# Where to buy wood.



## Hino (2 Apr 2021)

Hi, new to UKWorkshop. I'm getting back into woodwork and have limited power tools (no planner thicknesses or table saw etc). I live in Gloucestershire. Does anyone know where there is a decent lumber yard in the area where i could buy different sized planed blanks - for not extortionate prices?
cheers all.


----------



## LBCarpentry (4 Apr 2021)

Hales in drybrook?


----------



## gog64 (4 Apr 2021)

Not sure Hale’s do turning blanks? If you’re willing to travel a bit, Wentworth usually have a good selection of blanks. If I remember right, Toolite in Mitcheldean had a few blanks, but it’s not something they specialise in.

...sorry, should have read your question properly, I just assumed turning from “blanks”. If you are after slabs, wentworth are still the best if you want to browse. If you want oak, Whitney Sawmills are reliable in my experience (I only buy sawn, they may supply PAR). Most general timber places will have PAR stock. Have you tried Griggs in the Bristol road? They have quite a bit that you can choose from. Stored outside in open sided shelters though, so bear that in mind.


----------



## topchippyles (4 Apr 2021)

Hino said:


> Hi, new to UKWorkshop. I'm getting back into woodwork and have limited power tools (no planner thicknesses or table saw etc). I live in Gloucestershire. Does anyone know where there is a decent lumber yard in the area where i could buy different sized planed blanks - for not extortionate prices?
> cheers all.


What is it your after as i have a nice stock there and timber can be cut to size and machined but you would need to collect. About an hour i should think from you


----------



## pidgeonpost (5 Apr 2021)

As @gog64 says, Toolite usually have a few blanks, though not a vast selection.
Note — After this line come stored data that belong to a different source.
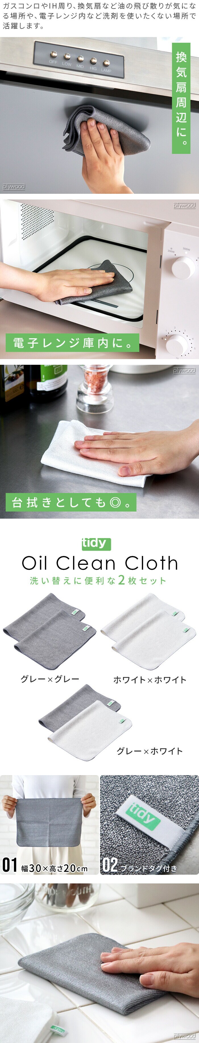 ティディ オイルクリーンクロス 2枚セット tidy Oil Clean Cloth ≪グレー×ホワイト≫ 油汚れクロス キッチンダスター 布巾 ふきん 台拭き おしゃれ 日本製 電子レンジ ガスコンロ IHコンロ お掃除
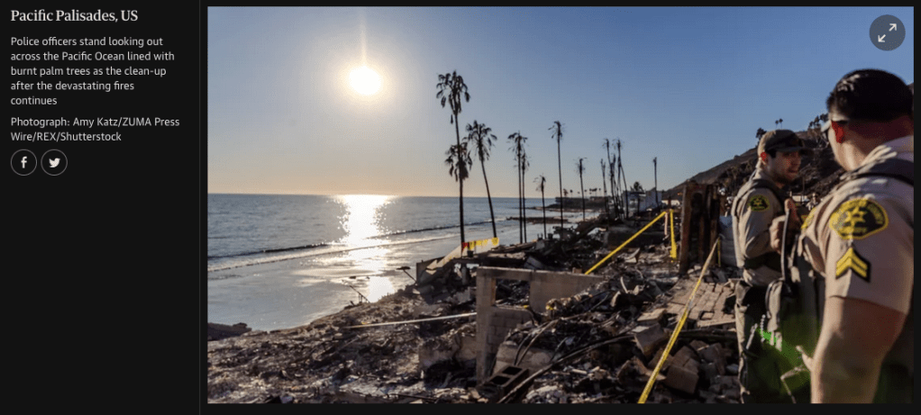 January 14, 2025, Pacific Palisades, California, USA: The Mexican military has come to assist America’s National Urban Search & Rescue (US&R) and Cal Fire to find human remains in the homes and businesses that burnt during the Palisades Fire. They stand on a destroyed structure, overlooking the Pacific Ocean, lined with burnt palm trees, along the Pacific Coast Highway, after a long day of sifting through toxic debris. (Credit Image: © Amy Katz/ZUMA Press Wire)
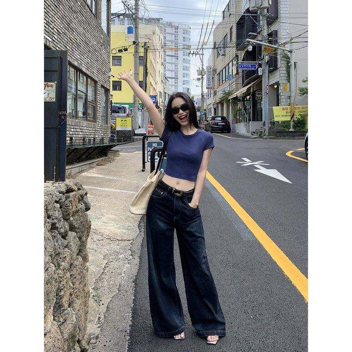 pusumede 黑色复古牛仔阔腿裤女夏季高腰显瘦宽松直筒拖地长裤子
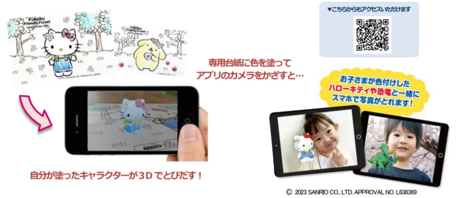 フコク生命の子育て支援サービス「フコク赤ちゃん&キッズクラブ」では、4月3日から会員向けキャンペーンとして「とびだすぬりえプレゼント」を予定しており、本アプリにてサンリオのキャラクターの3Dぬりえが無料でお楽しみいただけます※1。昨年に続き 2回目の実施となる本施策では、ご好評にお応えし提供コンテンツを拡大するとともに、フコク生命の100周年を記念して制作された「フコクフレンドリーフォレスト」に連動した限定デザインになっており、5種類の台紙を並べると背景が1枚の絵のように繋がります。併せてネオス社オリジナルの恐竜の3Dぬりえもご用意し、お子さまに人気のキャラクターコンテンツをフックとした施策を通じて、サービス付加価値の創出および利用者拡大を支援してまいります。
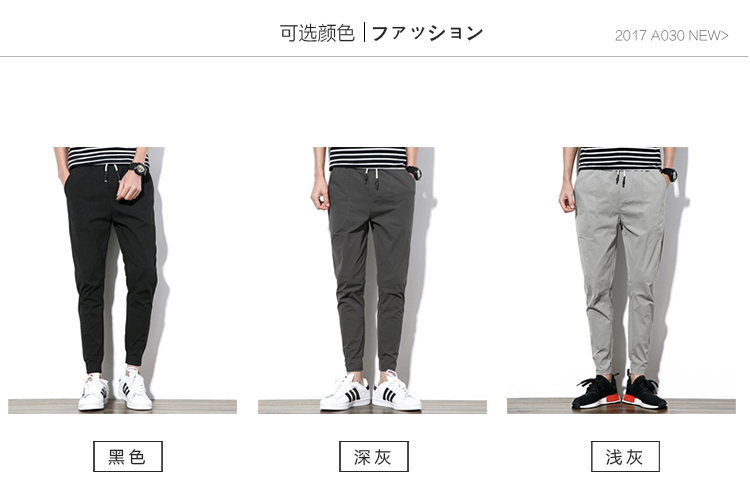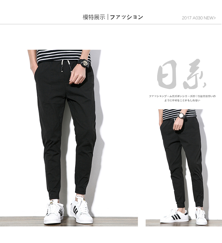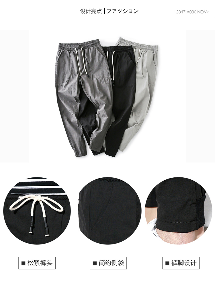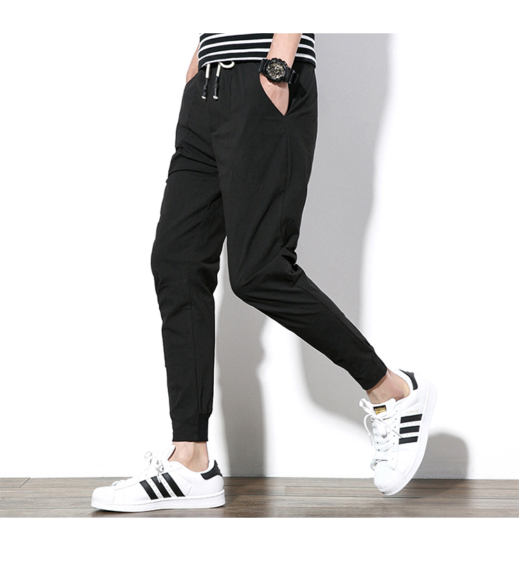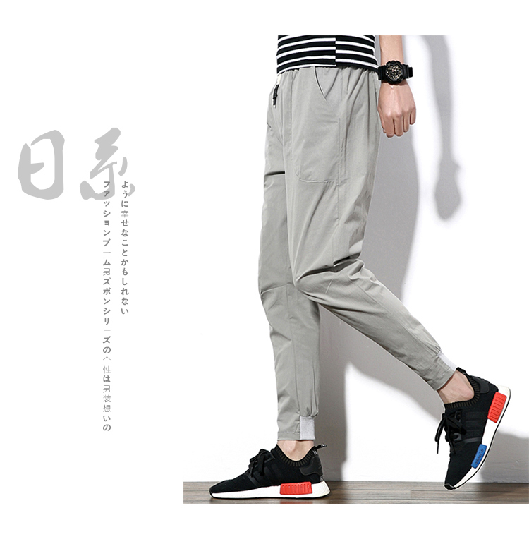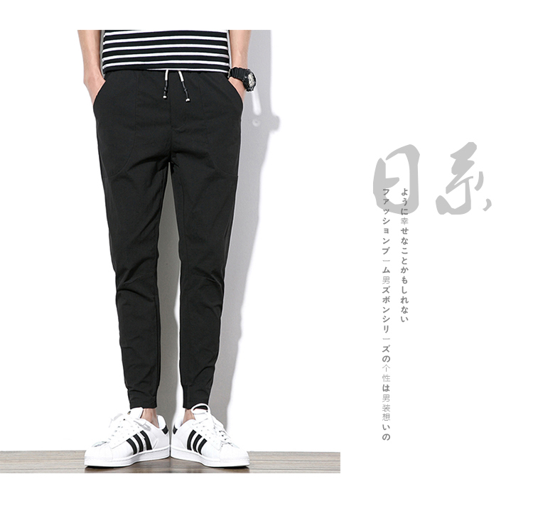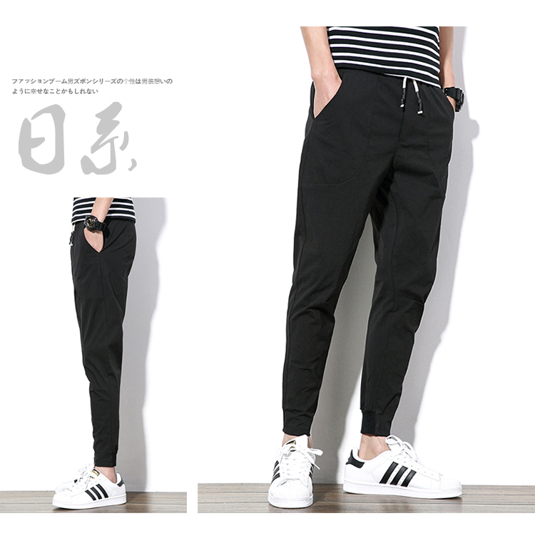 2019夏季薄款冰絲男士九分褲韓版潮流修閑褲百搭束腳收腿小腳褲
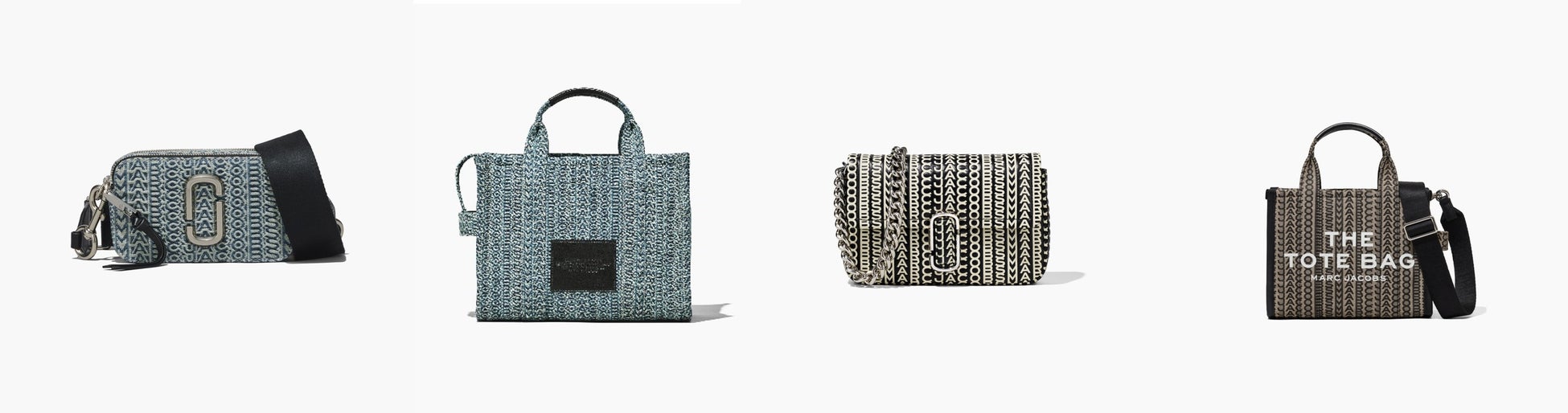 左から、ザ モノグラム サンフェード デニム スナップショット ¥62,700/ ザ モノグラム サンフェード デニム トートバッグ ミディアム ¥56,100/ ザ モノグラム レザー J マーク ショルダーバッグ ¥74,800円/ ザ モノグラム ジャカード トート バッグ スモール ¥47,300 全て税込価格
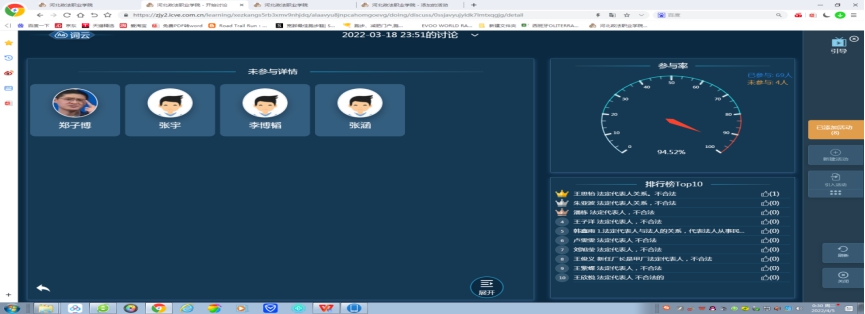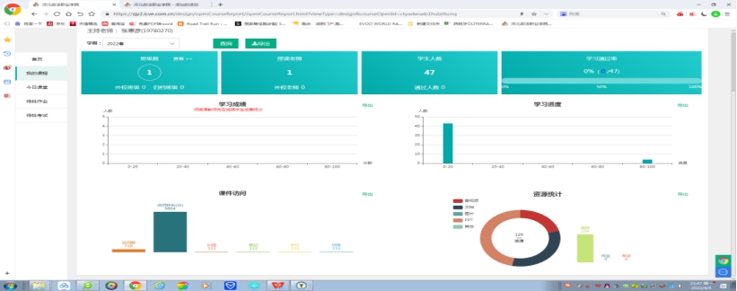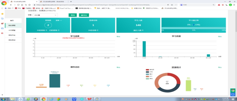 有了腾讯课堂的直观监测,还需要有充足的教学资料,这个学期我教的课程是《民法》《国际经济法》,《民法》课程在职教云平台提供了357个资源,《国际经济法》课程在职教云平台提供了120个资源,有视频、PPT、题库等,能够满足课堂教学、讨论、测试的需要,同时也为课后复习、整理笔记提供了资料,学生可以反复看视频,弥补了学生课堂学习的不足。课件访问时长,《国际经济法》达到了9864小时,《民法》达到了113331小时,有效的保证了教学效果。
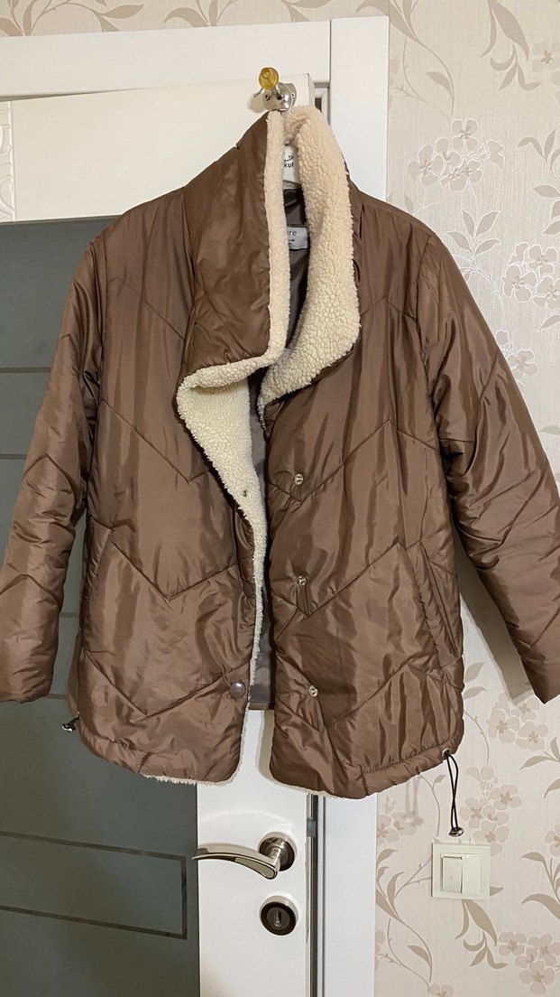 Kahverengi, peluş detaylı, bol kesim, uzun kollu ve normal boyda kadın kışlık ceket. Yumuşak ve sıcak kumaştan, günlük kullanıma uygun. İki koltuk arası 52-53 cm boyu 75 cm
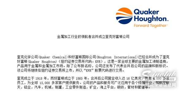 金属加工液两大全球巨头——奎克与好富顿宣布合并!作为融入汽车和机械基因的润滑油行业头部全媒体平台,中国润滑油信息网(www.sinolub.com )从奎克好富顿公司获得消息,两家公司已决定合并为一家新公司,以奎克好富顿(Quaker Houghton)在继续在纽约证券交易所上市。
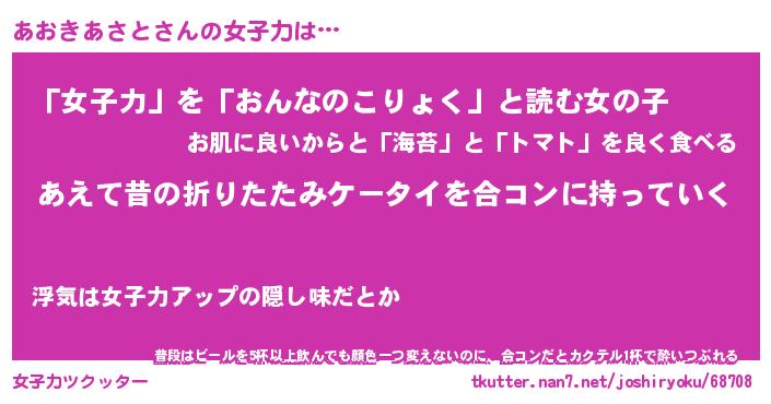 | ヘコむあだ名 | 『あおにゅー』『つくし』『あお太郎』 |
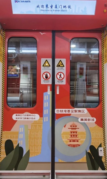 “嘉庚号”充分发挥厦门地铁的优势,将红色文化资源串珠成线、交相辉映,带领乘客一起回顾那段百年历史。当地利用站台、车厢等场所,在图文布置、报站信息中融入教育内容,车厢融合了集美红色文化和集美党史学习教育工作,营造了浓厚的红色学习氛围。
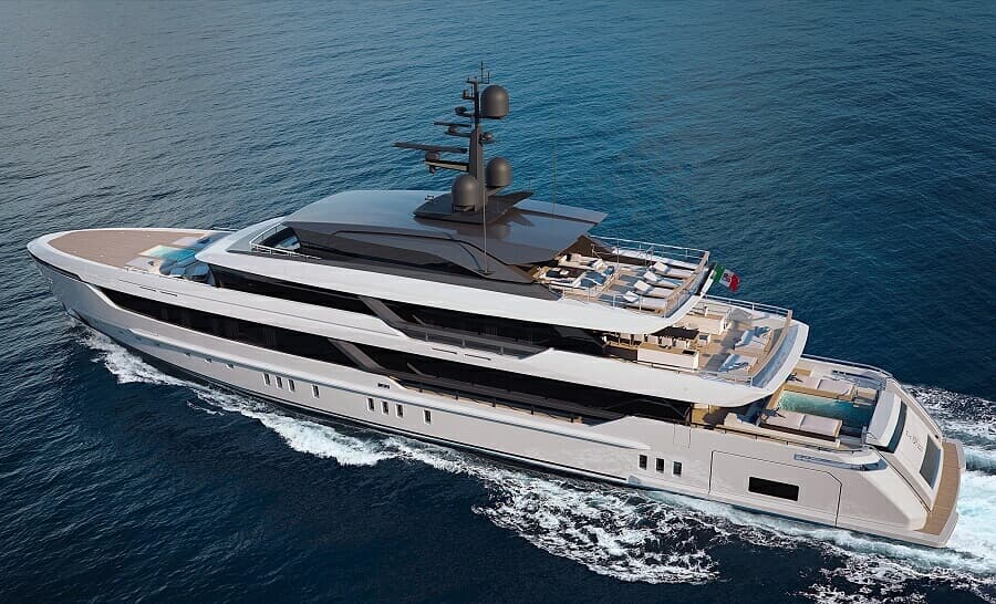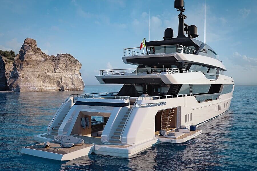 Bernardo Zuccon du studio Zuccon International Project, qui a conçu les lignes extérieures, a déclaré : » L’objectif était de créer un bateau d’environ 1 050GT avec des contenus fonctionnels et de style de vie que l’on trouve normalement sur des bateaux de plus grande taille. Le défi consistait à trouver le bon équilibre entre les volumes et les proportions du bateau.
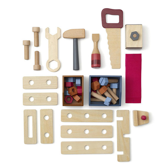 - Contreplaqué, Tournevis, papier de verre, clou, vis, écrou : Bois de bouleau, Marteau : Bois de hêtre, Bois de bouleau, Papier de verre : Nylon
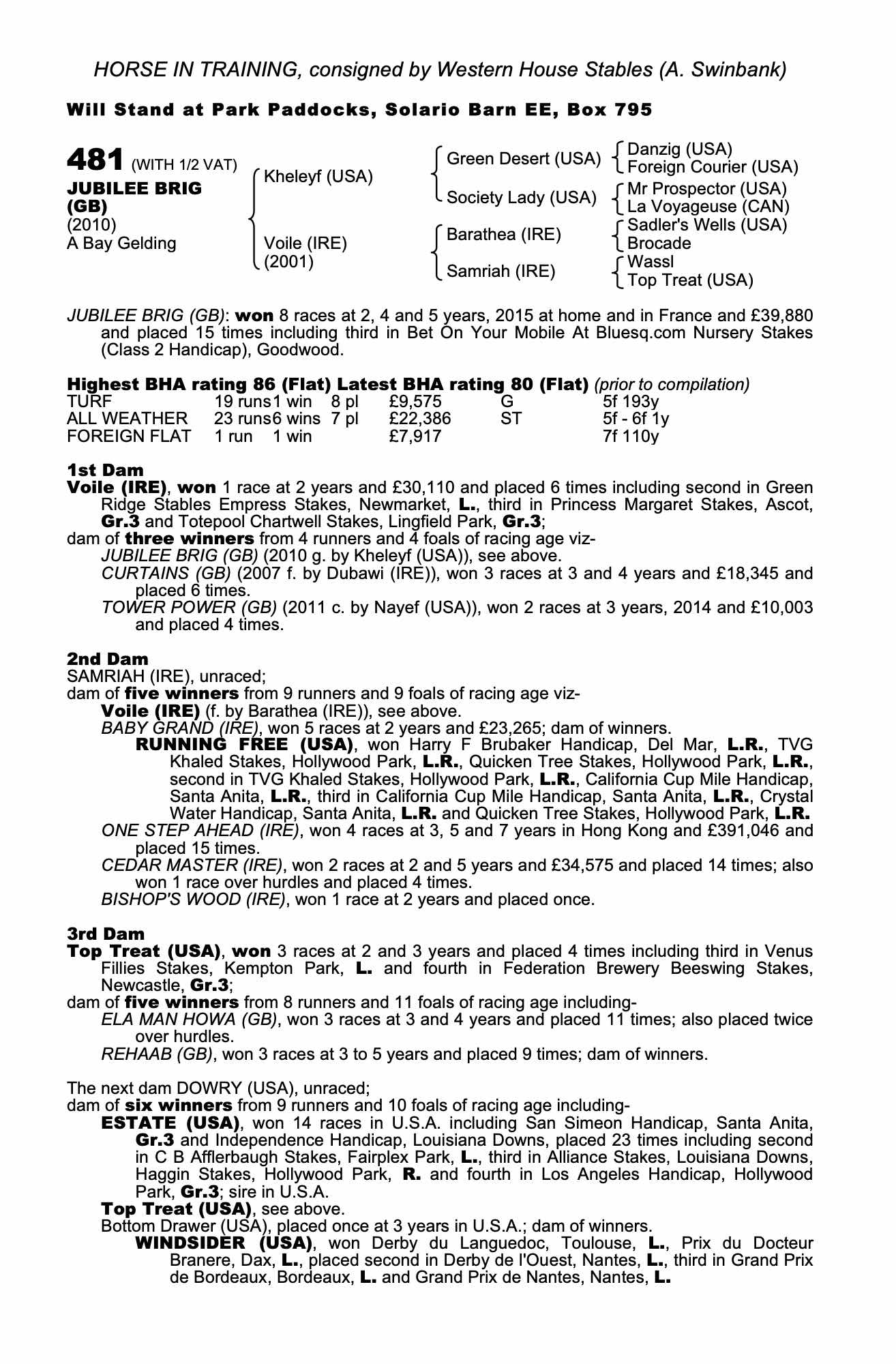 Consignor: Western House Stables (A. Swinbank)
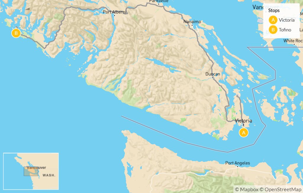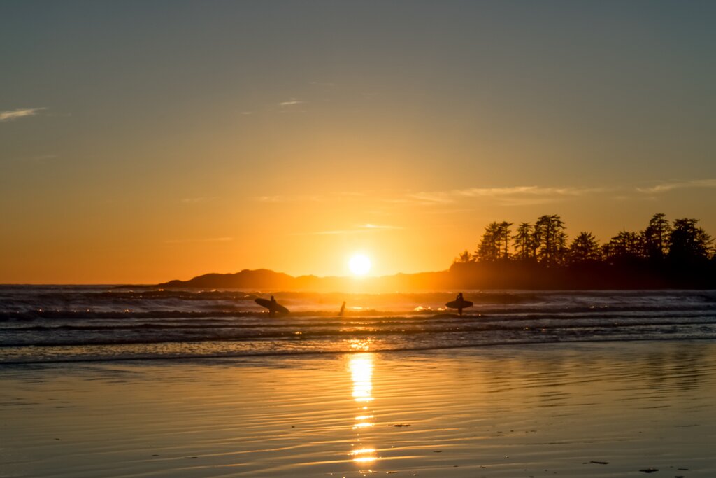 Say goodbye to Victoria for now as you hit the road for a four-hour drive to Tofino, a small town on the west coast. Drive along the tranquil Strait of Georgia until you reach Duncan, known as the “City of Totems” for the 80 or so totem poles scattered throughout the town by the Coast Salish people. Admire the intricate carvings, each telling unique stories, and learn about their cultural significance. Back in the car, make another stop in the coastal city of Port Alberni to stretch your legs on a short hike or grab a bite to eat.

Have you tried contacting the Forest of Dean Woodturners Association? 

You could also try Paul Hannaby in Drybrook. He was a very helpful chap when I did a bit of turning.


----------



## Hino (5 Apr 2021)

Thanks everyone for your suggestions. I should have said, its machined wood (not turning blanks) i am after. Or places that will do pre-planed wood to cutting list specs.
I'll take a look at the suggestions so far.


----------



## Hino (5 Apr 2021)

topchippyles said:


> What is it your after as i have a nice stock there and timber can be cut to size and machined but you would need to collect. About an hour i should think from you


Cheers. I was after this cutting list in Oak. What sort of price woud it be? Where are you based?


----------



## Yojevol (5 Apr 2021)

I've recently come across this this guy although I haven't used him yet. A friend has purchased from him and has given good reports. He is only contactable by phone but he is located north of Bishops Cleeve.
I see from your cutting list that your thicknesses are quite small, 6-18mm and would need to come from 1" as sawn, so a lot of wastage to be paid for.
There's also Williams at Frampton-on-Severn for sawn timber. Jim Hannis at his saw mill at Cranham could probably meet your needs at a reasonable price.
If you buy sawn oak I may be able to help with planing/thicknessing if you fancy a trip to Tewkesbury
Brian


----------



## Coyote (5 Apr 2021)

Nicks in Gloucester if you are near the city. They will cut to your list. Probably need to give them a call in advance for oak.


----------



## pidgeonpost (5 Apr 2021)

I came across this bloke in Facebook Marketplace.
Marketplace
Haven't used him, but might be worth a try.
In the past I've found small quantities and small sizes on eBay. Yes, you're buying unseen and may have to pay carriage, but the last time I was stuck for a small qty of oak eBay came up trumps.
Jim Hannis at Cranham is a good chap - known him for years.


----------



## LBCarpentry (5 Apr 2021)

Lathams will do you a cut list also but you’ll pay for it


----------



## Hino (5 Apr 2021)

Thanks all for your help. Lots of good leads.


----------